WHAT THE TASK ASKS: Restate word for word the lines in the listing below, starting at the line containing "Dámská bunda značky" and ending at the line containing "13. Отверните болты", both included; leave out the rest.

PROVIDED RECORDS:
--- START ---

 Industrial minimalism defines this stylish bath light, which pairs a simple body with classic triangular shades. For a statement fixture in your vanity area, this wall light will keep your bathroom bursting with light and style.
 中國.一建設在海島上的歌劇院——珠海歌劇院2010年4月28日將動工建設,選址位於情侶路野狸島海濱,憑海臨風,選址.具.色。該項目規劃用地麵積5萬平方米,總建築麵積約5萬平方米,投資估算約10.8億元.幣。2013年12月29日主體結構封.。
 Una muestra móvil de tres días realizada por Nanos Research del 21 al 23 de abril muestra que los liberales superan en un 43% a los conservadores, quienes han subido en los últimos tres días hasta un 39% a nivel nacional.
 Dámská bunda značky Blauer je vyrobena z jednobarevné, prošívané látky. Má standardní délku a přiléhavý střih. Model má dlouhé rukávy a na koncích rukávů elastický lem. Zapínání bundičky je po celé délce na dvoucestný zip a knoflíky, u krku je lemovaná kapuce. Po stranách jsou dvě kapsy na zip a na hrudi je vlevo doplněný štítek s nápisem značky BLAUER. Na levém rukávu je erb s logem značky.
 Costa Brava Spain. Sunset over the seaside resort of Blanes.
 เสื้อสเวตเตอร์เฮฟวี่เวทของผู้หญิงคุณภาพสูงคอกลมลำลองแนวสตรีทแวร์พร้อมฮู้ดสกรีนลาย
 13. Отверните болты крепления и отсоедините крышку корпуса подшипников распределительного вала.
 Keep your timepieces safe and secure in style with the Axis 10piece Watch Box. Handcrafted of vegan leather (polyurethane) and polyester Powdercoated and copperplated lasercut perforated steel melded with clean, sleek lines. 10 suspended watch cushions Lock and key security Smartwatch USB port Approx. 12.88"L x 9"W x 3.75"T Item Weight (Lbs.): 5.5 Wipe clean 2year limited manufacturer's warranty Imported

--- END ---
--- START ---

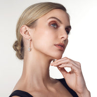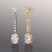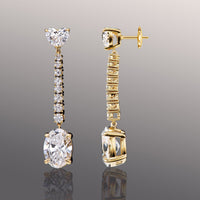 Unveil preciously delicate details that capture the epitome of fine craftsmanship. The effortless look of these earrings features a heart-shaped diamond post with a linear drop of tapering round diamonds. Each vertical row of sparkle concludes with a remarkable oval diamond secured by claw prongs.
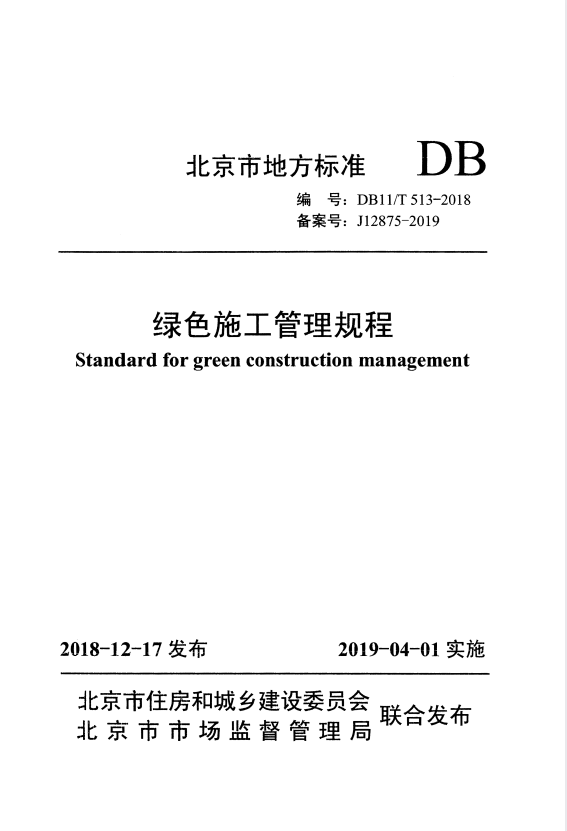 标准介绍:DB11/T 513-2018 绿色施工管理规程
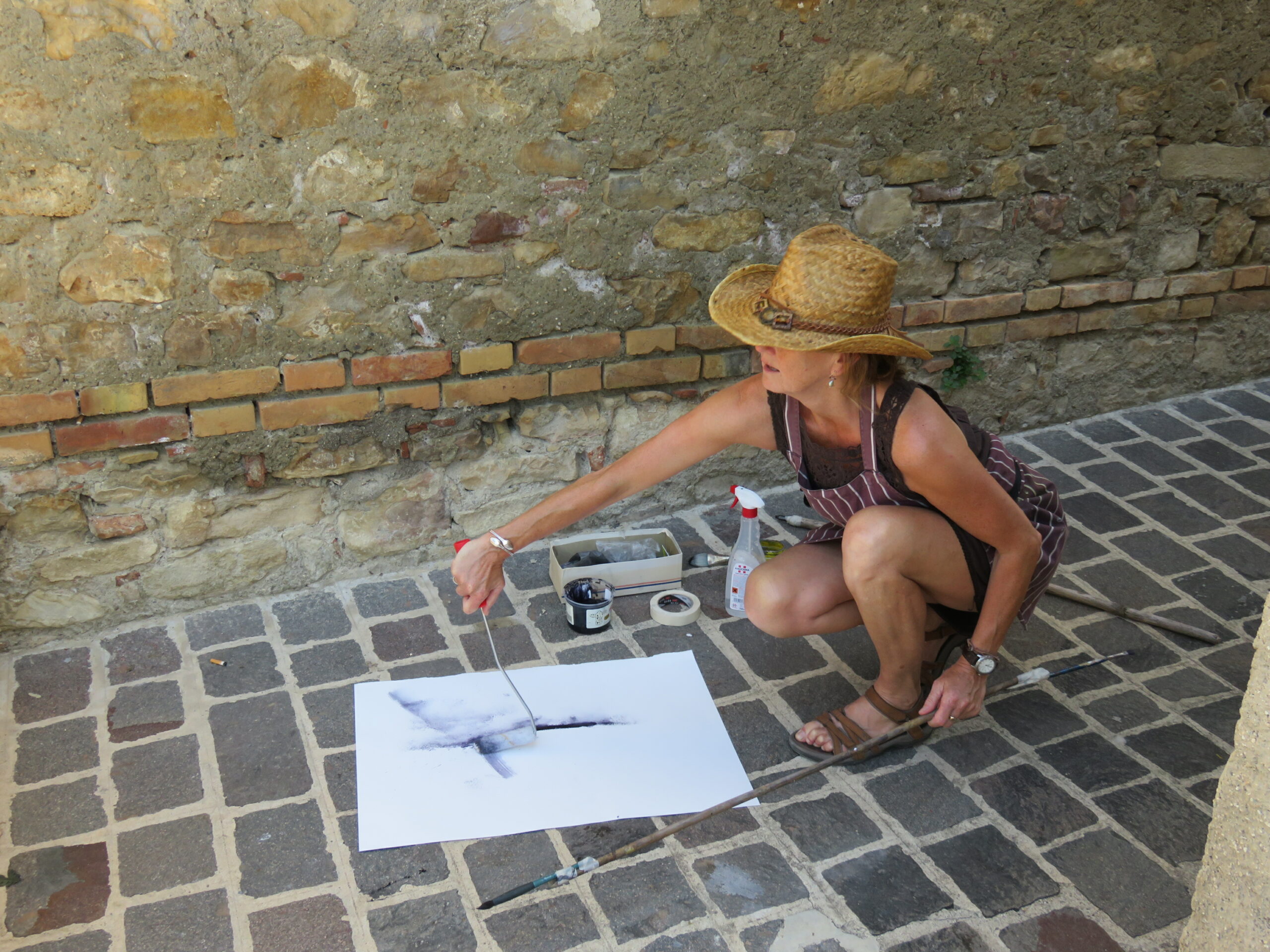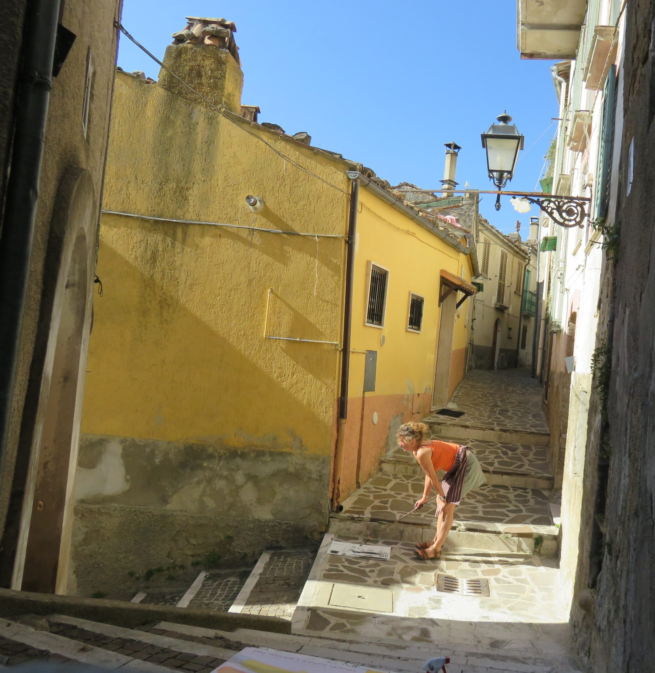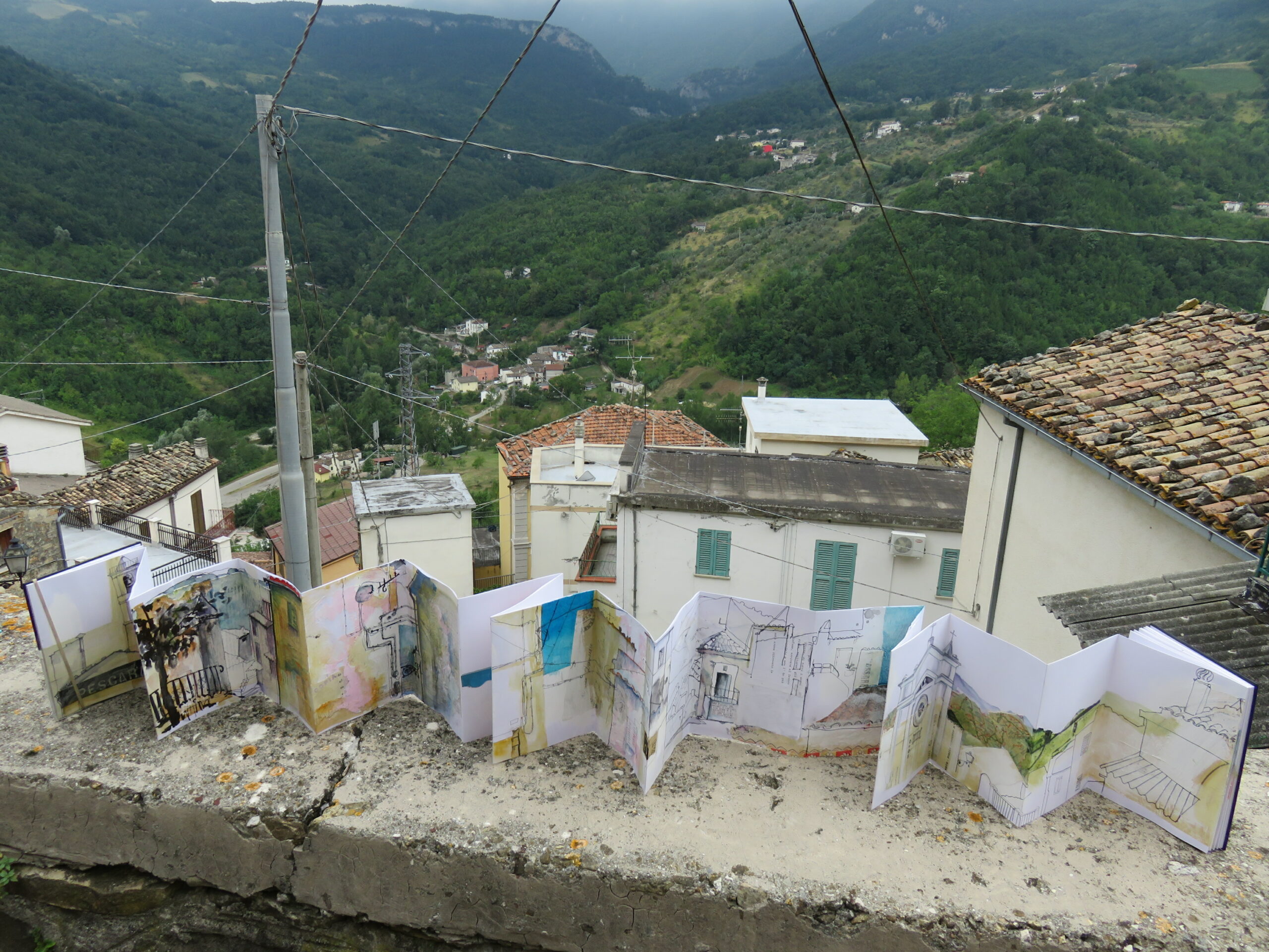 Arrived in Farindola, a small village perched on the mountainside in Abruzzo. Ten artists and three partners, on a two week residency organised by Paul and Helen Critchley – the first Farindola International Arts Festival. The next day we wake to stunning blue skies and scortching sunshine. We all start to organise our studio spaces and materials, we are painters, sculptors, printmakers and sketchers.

--- END ---

WRITTEN SOLUTION:
 Dámská bunda značky Blauer je vyrobena z jednobarevné, prošívané látky. Má standardní délku a přiléhavý střih. Model má dlouhé rukávy a na koncích rukávů elastický lem. Zapínání bundičky je po celé délce na dvoucestný zip a knoflíky, u krku je lemovaná kapuce. Po stranách jsou dvě kapsy na zip a na hrudi je vlevo doplněný štítek s nápisem značky BLAUER. Na levém rukávu je erb s logem značky.
 Costa Brava Spain. Sunset over the seaside resort of Blanes.
 เสื้อสเวตเตอร์เฮฟวี่เวทของผู้หญิงคุณภาพสูงคอกลมลำลองแนวสตรีทแวร์พร้อมฮู้ดสกรีนลาย
 13. Отверните болты крепления и отсоедините крышку корпуса подшипников распределительного вала.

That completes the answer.